Huawei is sharpening its edge in the domestic AI race, unveiling a multi-year roadmap that puts homegrown technology front and center. The company outlined an ambitious plan to expand its Ascend lineup through 2028, doubling down on an internal tech stack and in-house high-bandwidth memory to compete head-on with leading AI accelerators.
At its recent industry event, Huawei detailed successors to the Ascend 910C that target both inference and training workloads, with clear performance and memory upgrades rolling out each year. The strategy revolves around two pillars: pushing low-precision compute for efficiency and scaling bandwidth and capacity with self-developed HBM.

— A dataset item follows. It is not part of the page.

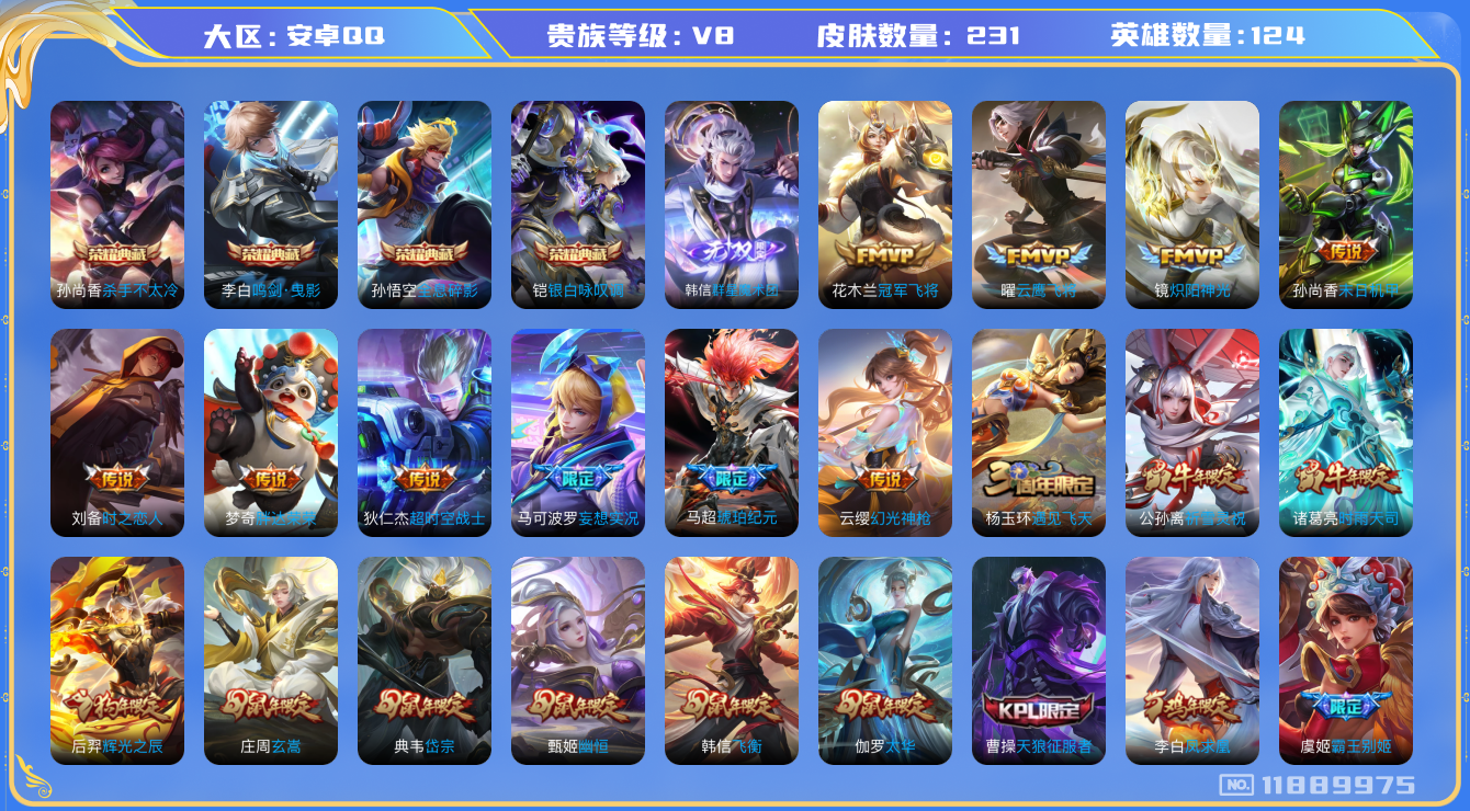 [11889975]【商品标题】:安卓Q-V8-永恒钻石III段位-124英雄-231皮肤-4典藏-0珍品无双-1无双-0珍品传说-18传说-74史诗
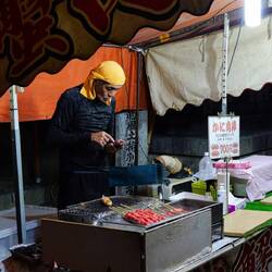 Den letzten Halt machten wir ein Stück weiter an einem Yatai-Straßenstand, die Teil der Kultur von Fukuoka sind. An den Ständen soll es das beste Streetfood geben, dass die Stadt zu bieten hat. Wir entscheiden uns für gegrilltes Schwein und dazu einen Pflaumen-Reiswein, der vorzüglich schmeckt. Es ist schon ein Genuss, dem Koch bei seiner Arbeit mit dem offenen Feuer zuzuschauen. Nicht ohne Grund gibt es einen halbhohen Plexiglasschutz, hinter dem es dennoch schön heiß wird, da der Koch schon mal die eine oder andere hohe Stichflamme mit verdampfendem Öl produziert.

Ascend 950PR: the next step in inference performance
– First Ascend chip to integrate Huawei’s self-built HBM
– Supports low-precision formats up to FP8
– Compute: 1 PFLOPS FP8, 2 PFLOPS FP4
– Interconnect bandwidth: 2 TB/s
– HBM (HiBL 1.0): 128 GB capacity, 1.6 TB/s bandwidth
– Target workloads: inference-centric tasks such as prefill and recommendation
Huawei is also preparing its second-generation HBM, aiming to boost both capacity and throughput:
– HiZQ 2.0 HBM: 144 GB capacity, 4 TB/s bandwidth
Ascend 950DT: training-focused follow-up
– Planned for Q4 2026
– Training-oriented design
– Uses HiZQ 2.0 HBM for higher memory capacity and bandwidth than the 950PR
Ascend 960: bandwidth and compute scale up
– Planned for Q4 2027
– Interconnect bandwidth: 2.2 TB/s
– Memory: 288 GB (likely HiZQ 2.0)
– Memory bandwidth: 9.6 TB/s
– Compute: 2 PFLOPS FP8, 4 PFLOPS FP4
Ascend 970: next-level leap by 2028
– Set for 2028
– Positioned to deliver significant jumps in both compute and memory, extending the platform’s capabilities for large-scale AI
Why this roadmap matters
– Homegrown stack: By adopting self-built HBM and internal designs, Huawei reduces reliance on external components while optimizing for its AI software ecosystem.

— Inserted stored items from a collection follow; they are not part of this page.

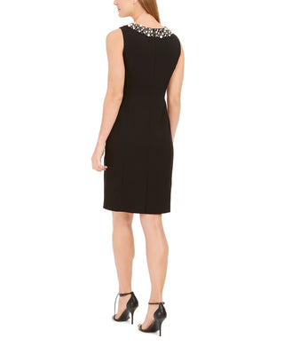 Vestido justo com acabamento em pérolas falsas Calvin Klein feminino, preto, tamanho 2
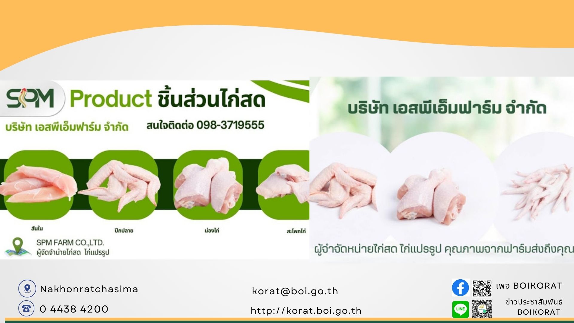 เจ้าหน้าที่ BOIKORAT เข้าตรวจเยี่ยมและตรวจเปิดดำเนินการบริษัท เอสพีเอ็มฟาร์ม จำกัด (SPM Farm) จ.นครราชสีมา โครงการผลิตเนื้อไก่ชำแหละครบวงจรที่ทันสมัย
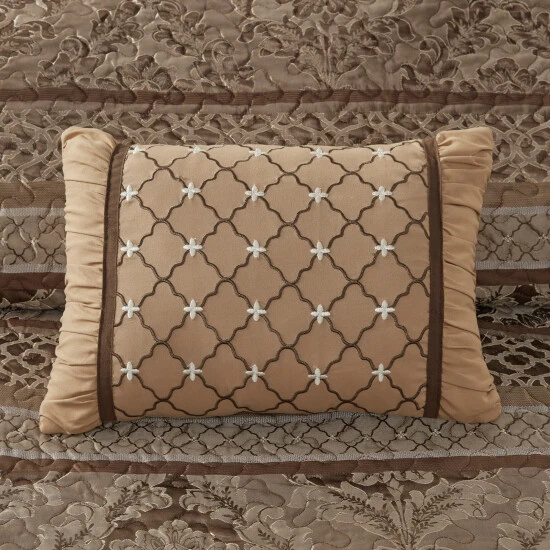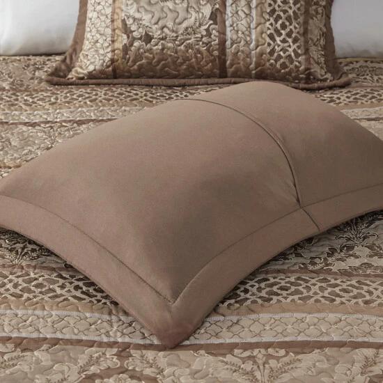 Create an aura of elegance in your bedroom with this Madison Park Venetian bedspread set. Intricate brown-and-gold patterns set a sophisticated tone, and the included shams and pillows help create a cohesive look. The pieces in this set are machine washable for convenient care.
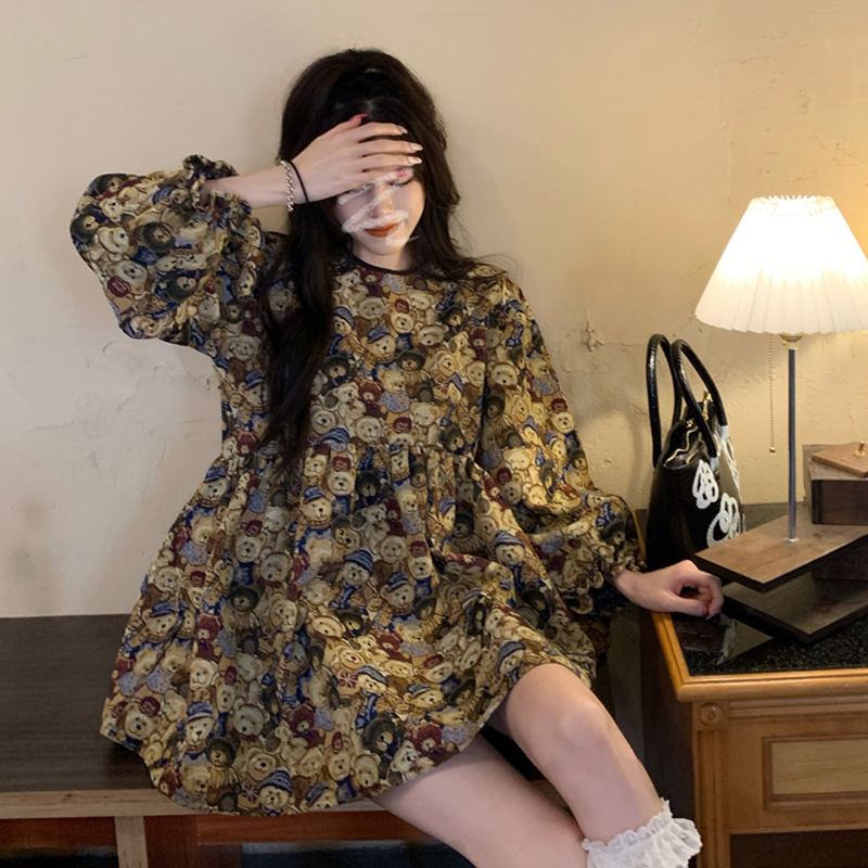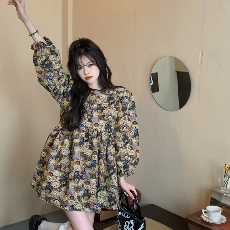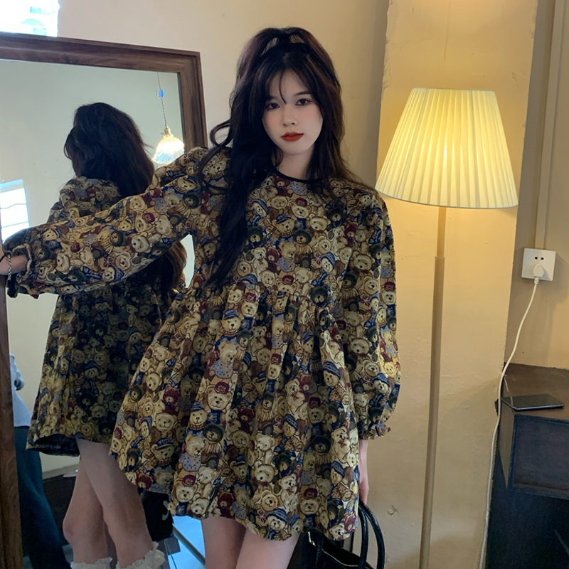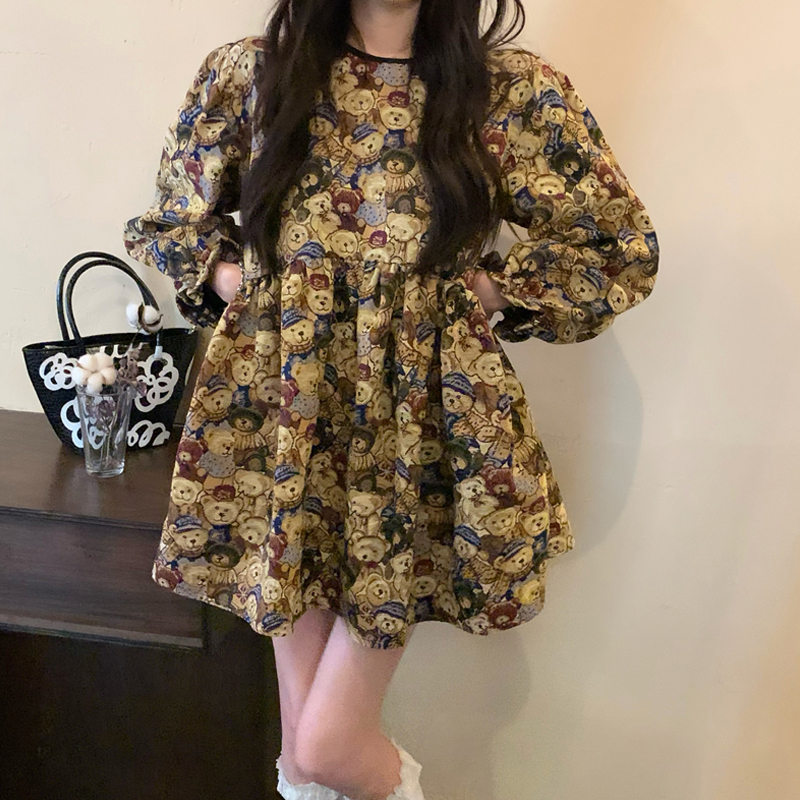 Шикарное осеннее милое платье в черный белый горошек с круглым вырезом и

– Precision for efficiency: Emphasis on FP8 and FP4 aligns with modern AI trends, increasing throughput for both inference and training at lower power and cost.
– Balanced portfolio: The 950PR zeroes in on inference-heavy scenarios, while the 950DT and 960 raise the ceiling for training, helping data centers scale across use cases.

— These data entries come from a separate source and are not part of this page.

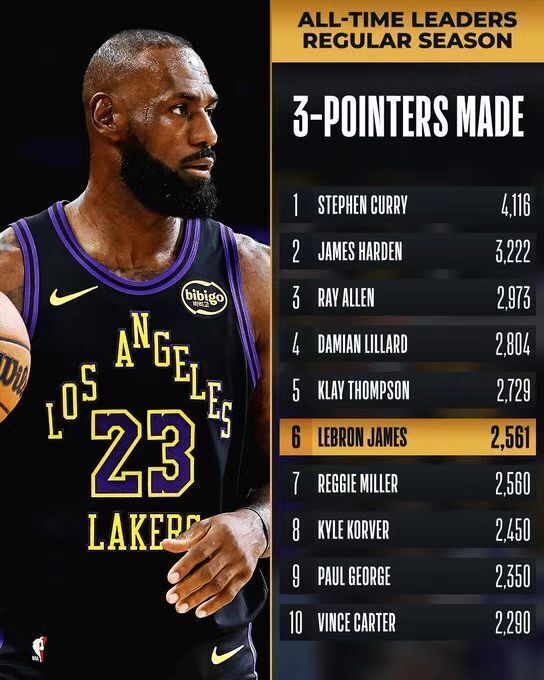 其二,詹姆斯生涯三分命中数超越雷吉-米勒,升至NBA历史第六。
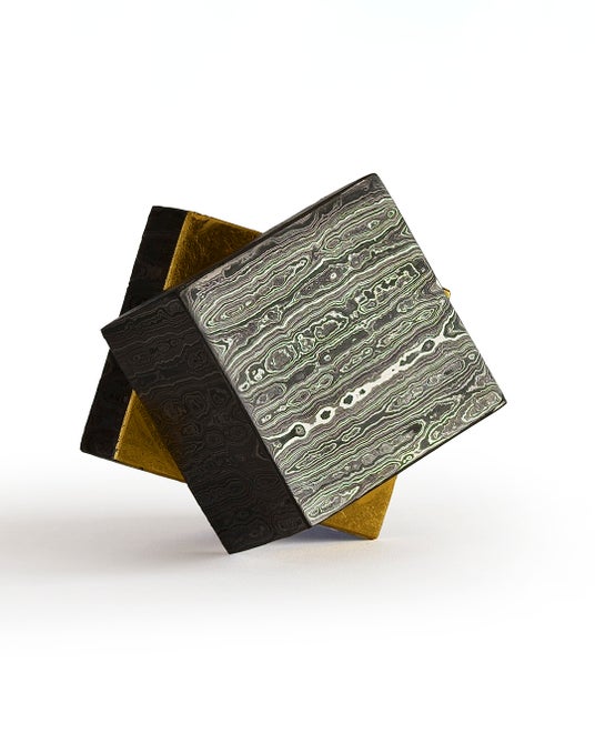 自作したダマスカス鋼の波状模様と端正な造形が織りなす世界を創作する加藤貢介氏。
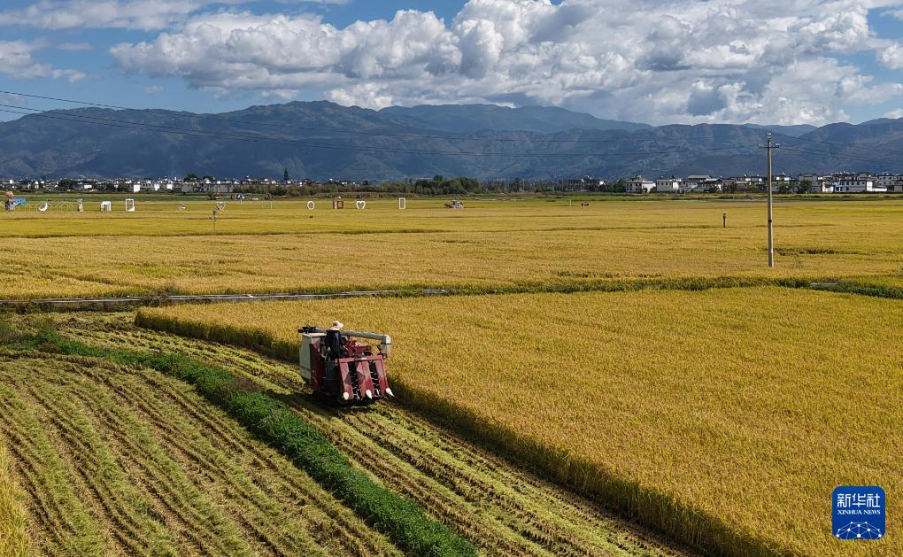 10月10日,工人在云南省大理市喜洲镇水稻种植基地收割水稻(无人机照片)。

– Domestic demand: With an extended pipeline through 2028, Huawei is signaling it can supply sustained AI compute growth for China’s expanding AI industry.
In short, Huawei’s AI chip roadmap marks a clear, iterative march toward higher bandwidth, larger memory pools, and faster low-precision performance. From the 950PR’s in-house HBM debut to the 970’s anticipated leap, the Ascend series is being positioned to power everything from recommendation engines to large-scale model training across the next several years.